§ **Required work**: The whole listing should come back exactly as written, except for the pictures.

§ **Data segment**:
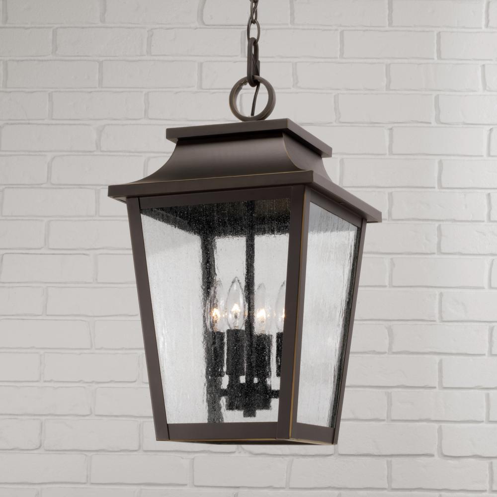 4-Light Outdoor Tapered Hanging Lantern in Oiled Bronze with Ripple Glass by Capital Canada
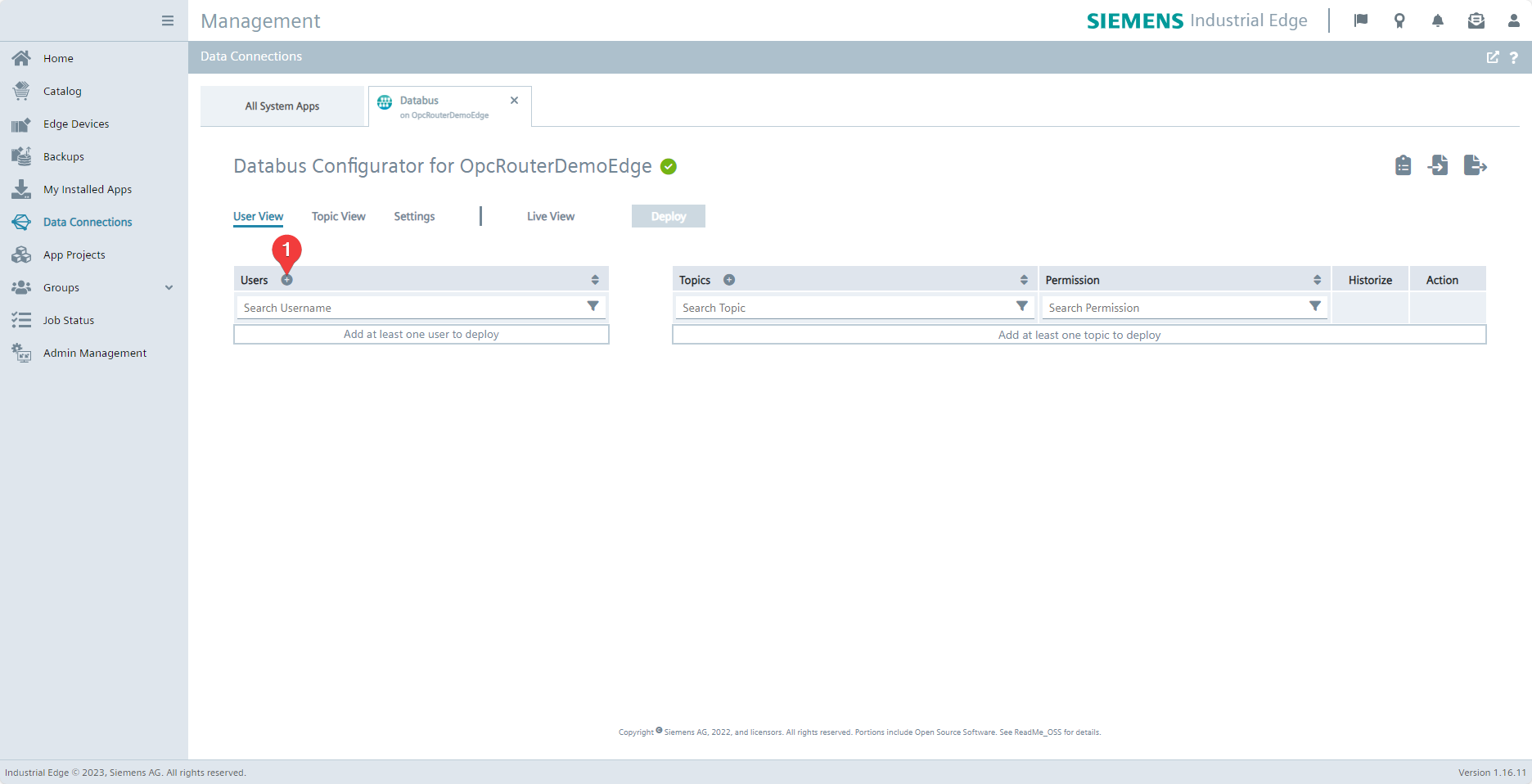 This chapter can be skipped if the Databus already has a topic and associated users with publish and subscribe permissions to which the OPC Router can be connected.
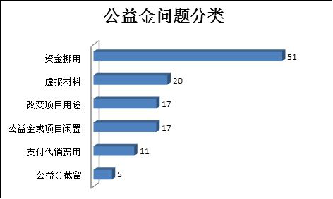 “公益金问题分类”图分析,问题义工分为6大类。其中资金挪用已经成为了主要问题,占问题总量的51%,可谓是半壁江山的权重;其次虚报材料、改变项目用途、公益金或项目闲置也是重要的问题之一。

§ **Response below**:
 4-Light Outdoor Tapered Hanging Lantern in Oiled Bronze with Ripple Glass by Capital Canada
 This chapter can be skipped if the Databus already has a topic and associated users with publish and subscribe permissions to which the OPC Router can be connected.
 “公益金问题分类”图分析,问题义工分为6大类。其中资金挪用已经成为了主要问题,占问题总量的51%,可谓是半壁江山的权重;其次虚报材料、改变项目用途、公益金或项目闲置也是重要的问题之一。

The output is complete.